MAIN OUTCOMES AND MEASURES: The primary study outcomes were aggressive (category T4 or both T3 and Gleason score ≥8 tumors, metastatic PCa, or PCa death) vs nonaggressive PCa (category T1 or T2 and Gleason score ≤6 tumors without known recurrence), and metastatic vs nonaggressive PCa.

RESULTS: A total of 17 546 men of European ancestry were included in the analyses; mean (SD) age at diagnosis was 65.1 (9.2) years in patients with aggressive PCa and 63.7 (8.0) years in those with nonaggressive disease.

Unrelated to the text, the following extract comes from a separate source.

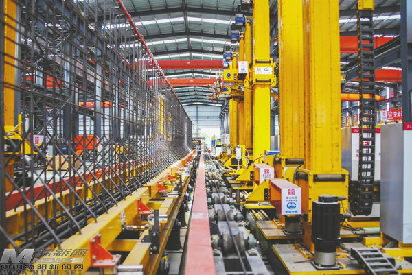 智能鋼筋綁扎生產(chǎn)線上正在焊接馬蹄筋和箍筋
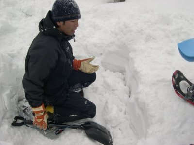 乳頭温泉の休暇村周辺を案内してもらいました。短い時間でしたが、ふわふわの雪の上にトレースをつけながらのスノートレッキング、初めてのスノーシュー体験とあわせて楽しく遊ばせてもらいました。

The strongest evidence of association with aggressive or metastatic PCa was noted for rare deleterious variants in known PCa risk genes BRCA2 and ATM (P ≤ 1.9 × 10-6), followed by NBN (P = 1.7 × 10-4). This study found nominal evidence (P < .05) of association with rare deleterious variants in MSH2, XRCC2, and MRE11A. Five other genes had evidence of greater risk (OR≥2) but carrier frequency differences between aggressive and nonaggressive PCa were not statistically significant: TP53, RAD51D, BARD1, GEN1, and SLX4. Deleterious variants in these 11 candidate genes were carried by 2.3% of patients with nonaggressive, 5.6% with aggressive, and 7.0% with metastatic PCa.

CONCLUSIONS AND RELEVANCE: The findings of this study provide further support for DNA repair and cancer susceptibility genes to better inform disease management in men with PCa and for extending testing to men with nonaggressive disease, as men carrying deleterious alleles in these genes are likely to develop more advanced disease.